Boardroom blitz at M&B sees off Laffin

05 February 2010 by
Boardroom blitz at M&B sees off Laffin

If former Mitchells & Butlers (M&B) chairman Simon Laffin needed a drink after being thrown off the company's board last week, it's a fair bet he stayed away from All Bar One, O'Neill's or any of its other 2,000 outlets.

The row between Laffin and the firm's major shareholders - billionaire Joe Lewis and racing magnates JP McManus and John Magnier - had been rumbling on for months and turned increasingly bitter.

It broke into the open at the end of last year when M&B sacked four non-executives, two of them representatives of Lewis's investment vehicle Piedmont, and reported Piedmont to the Takeover Panel for allegedly attempting to act in concert with other shareholders to seize control of the company.

The appeal did M&B's board no good, because the Takeover Panel concluded that there was insufficient evidence to support the claims. And at an annual shareholder's meeting in Birmingham last Friday, Laffin was voted out of his post, along with his predecessor Drummond Hall and fellow non-executive Tony Bates.

Two-thirds of the votes cast went against Laffin, the majority of which were held by Piedmont (which has a 22.8% stake), and Elpida, the investment vehicle of McManus and Magnier (17.6%).

In the run-up to the meeting, as well as in its aftermath, there was a press feeding frenzy, as the boardroom drama was characterised as a "bar-room brawl". But what happens to the company once the broken glass is swept off the floor and the blood wiped from the walls?

John Lovering, the outgoing chairman of Debenhams, has been installed as the new chairman, while former Hamley's boss Simon Burke, Fitness First founder Michael Balfour, and former Scottish and Newcastle executive Jeremy Blood were all appointed as board directors after being proposed by Piedmont.

Chief executive Adam Fowle appeared to have survived unscathed, as did finance director Jeremy Townsend.

Lovering has already proposed a "thorough review" of the business over the next 60 days, concentrating on brand, overheads and expenditure, the results of which analysts expect to see by the time the company issues a trading update in March, at the end of its first-half period.

However few believe that Lewis's victory in the boardroom battle means that he will call the shots through his representatives on the board.

Nigel Parson, analyst at Evolution Securities, said: "The principle of one shareholder dominating the board is of concern. But I think you would struggle to call the new directors appointed puppets. They have very good CVs in their own right."

Meanwhile, Mark Brumby, an analyst with Astaire Securities, added: "The company is continuing a review but it wants to put the past behind it. The fact that we have not had any resignations at board level is good. There has been no scorched earth retreat or anything like that, which is something to be grateful for."
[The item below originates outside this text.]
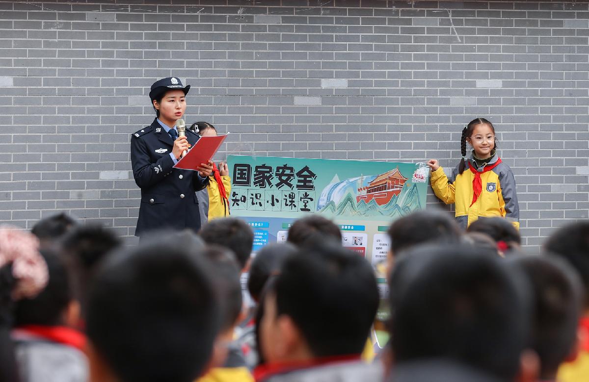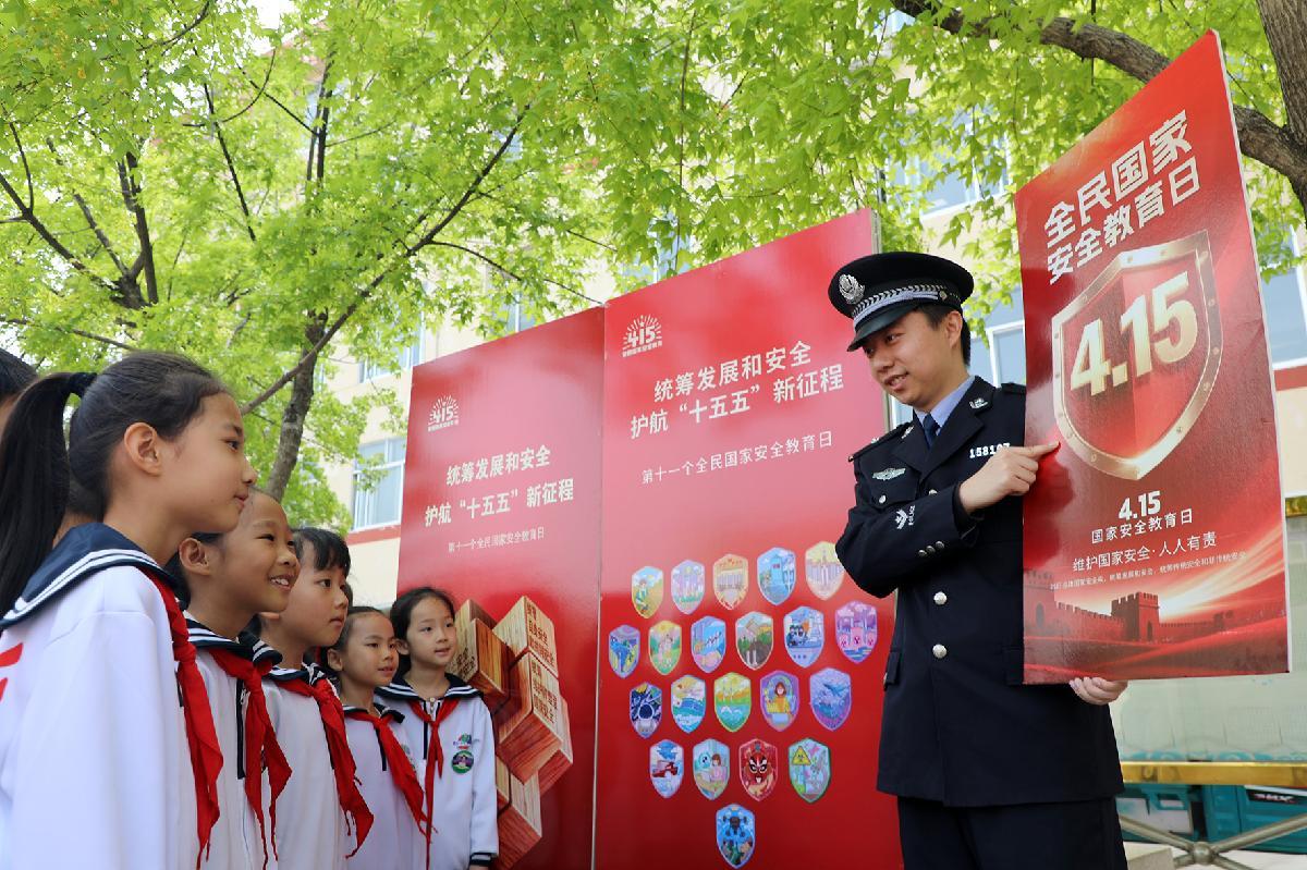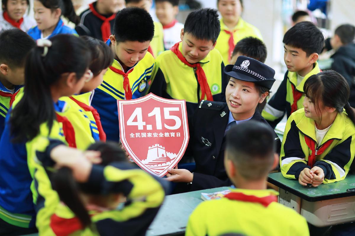 4月14日,在山东省滨州市博兴县第一小学,博兴县公安局民警为小学生普及国家安全相关知识。

And as another analyst pointed out, with Fowle still in charge as chief executive, it is unlikely that the company will deviate from its plan, already revealed in a presentation earlier this month, to expand six of its brands - Vintage Inns, Harvester, Toby Carvery, Sizzling Pub Company, Premium Country Dining and Crown Carveries - by 50-100%. The six brands currently account for around 900 of the 1,970 outlets in M&B's estate.

"I have heard that Piedmont were happy when Adam Fowle was appointed and they therefore think that he deserves a chance," the analyst added.

That does beg the question why Lewis and others pushed for such extensive change to the board in the first place - change that the M&B board reputedly spent £2m attempting to resist - given that the strategy set out before the annual meeting looks likely to endure.

But, as one observer put it: "In a messy divorce, if you ask whose fault it was, you are never going to get the truth. You are just going to get a lot of accusations and entrenched positions. And once both sides had dug their heels in it was quite likely to end the way it did."

Another added: "I think the mud-slinging has probably damaged M&B and Piedmont. That damage has probably reduced the pool of potential investors in the shorter term, pending the re-establishment of trust."